The raw dog food diet is known for being expensive and often considered a luxury for many dog owners. While it's definitely more costly in terms of money and time, there are ways to make cheaper raw dog food recipes to save on your dog's food budget.

How to Make Cheap Raw Dog Food

Raw dog food recipes follow the 5:1:1 ratio, which means that your recipes must be five parts meat with bone, one part organ meats and one part vegetables and fruit. When creating recipes, look for options for each part that are more economical.

Shopping Tips for Cheap Raw Dog Food

There are a few tips you can follow when planning out and shopping for your recipes.

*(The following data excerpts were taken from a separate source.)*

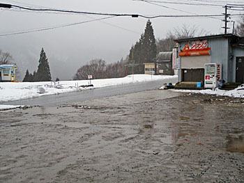 | 大久保登行リフト。駐車場は雨。 | がちがちに凍ったリフト |
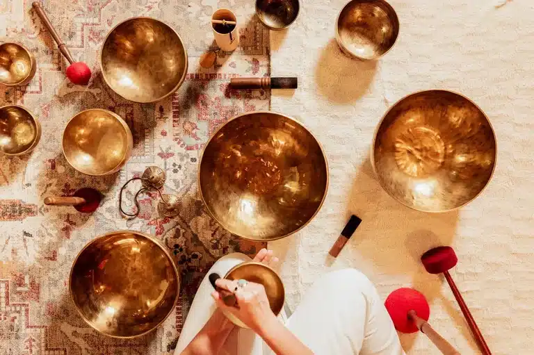 Les vibrations des bols aident à apaiser le système nerveux, relâcher les tensions et favoriser un meilleur sommeil. Beaucoup décrivent un recentrage et une sensation d’ancrage après la séance.
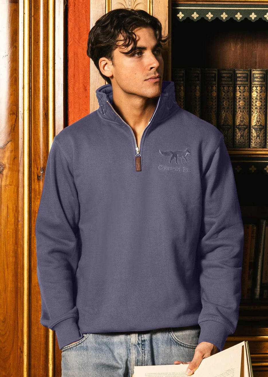 Our premium heavyweight unisex navy quarter zip jumper features our signature distinctive Cotswold Fox embroidery. Crafted for men and women, from organic cotton for all-day comfort and warmth, a zip funnel neck and soft ribbed hems and cuffs. This super comfortable layer is a must have, fun addition to your wardrobe!
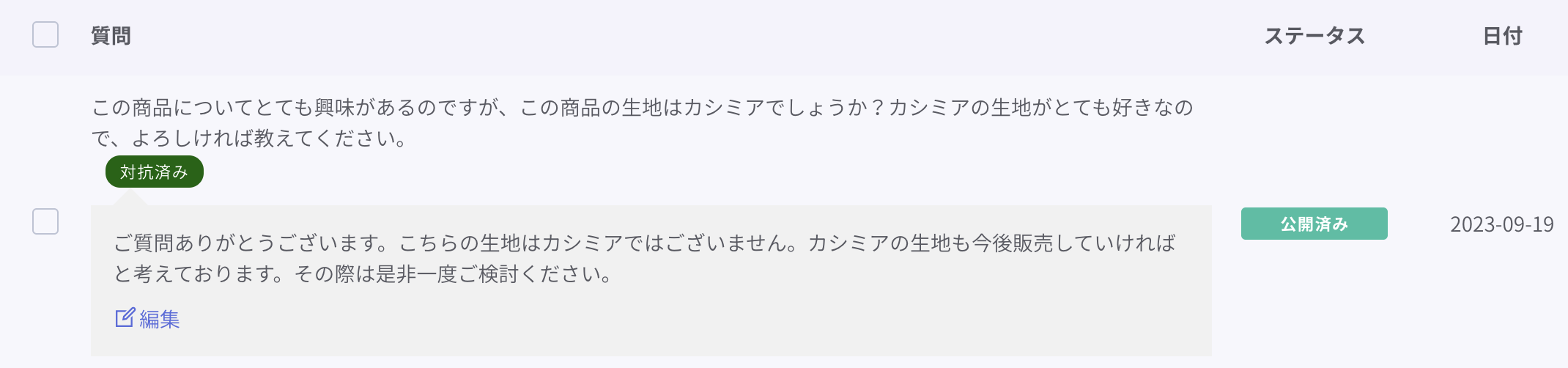 Q&Aにラベルをつけた例です

  • Keep on the lookout for sales at your local markets and take advantage of them.
  • Joining a bulk warehouse store like Costco or Sam's Club can get you good deals on meat, but not always. Price shop and do comparisons first to see if the cost of the membership deal plus the regular meat prices are worth it.
  • Check out local butchers in your neighborhood as many can provide you with deals if you buy in bulk and are a regular customer.
  • Ethnic markets and butchers are also a great source of ingredients and meats that may be cheaper than found at your larger grocery chains.
  • Also check out local farms if you live in an agricultural area. You may be able to find great deals on items that will be cast off, as well as on less common meats like lamb, rabbit and deer depending on where you live.
  • It's a good idea to invest in a small additional freezer if you don't have room to buy in bulk to save. You can even save on the freezer by looking for used ones on Craigslist, Facebook Marketplace and thrift shops like the ReStore.
  • Look for cuts of meat and bone and organs that are usually cheaper than others such as:
    • Chicken backs, feet, gizzards, liver, necks and wings - the average price for these items ranges from $1 to $1.80 per pound. Prices will of course vary by store and region.
    • Cuts of beef and average pricing per pound include beef face, esophagus, heart, kidneys, pancreas, tails, tongue trachea and fat trimmings - the average price for these items ranges from $1.50 to $2.80 per pound.
    • Pork heads are about $30 for an approximately 15-pound head (ask the butcher to cut it for you), intestines and necks (about $1 to $1.40 per pound on average).
  • For other ingredients, purchase store brands which are cheaper and just as good in quality as name brands, such as your eggs, yogurt and oils.
  • Buy vegetables that are in season when they're cheaper.
  • Many groceries will send fruit and vegetables for a lower price when they're over ripe. These are still safe for your dog and can be a great bargain.
  • You can also use scraps from vegetables and fruits that you eat yourself.
  • If you're feeling ambitious and have the time and space, you can grow your own vegetables in your backyard, as well as raise chickens for your eggs.
  • Consider also setting up a group buying plan at a local butcher with some friends who also feed raw. The larger your order, the more likely it is you can get a good discount on items together.
Raw Dog Food

Cheap Raw Dog Food Recipe Portions and Storage

Each of these recipes follows the 5:1:1 ratio while using cheaper ingredients. These recipes are designed to be made for a single meal or in bulk, and preparing them in bulk will usually save you more money. Just store them in individual portions and place in your freezer. To figure out how much of each ingredient you will need, just determine your dog's daily amount of food is by their body weight. Then take the percentages in each recipe to get the ounces of food you will need. For bulk recipes, take that number and multiply it by the number of meals you want to make.

Coconut Chicken Stew

This inexpensive dish pairs chicken bones and organs with healthy coconut oil.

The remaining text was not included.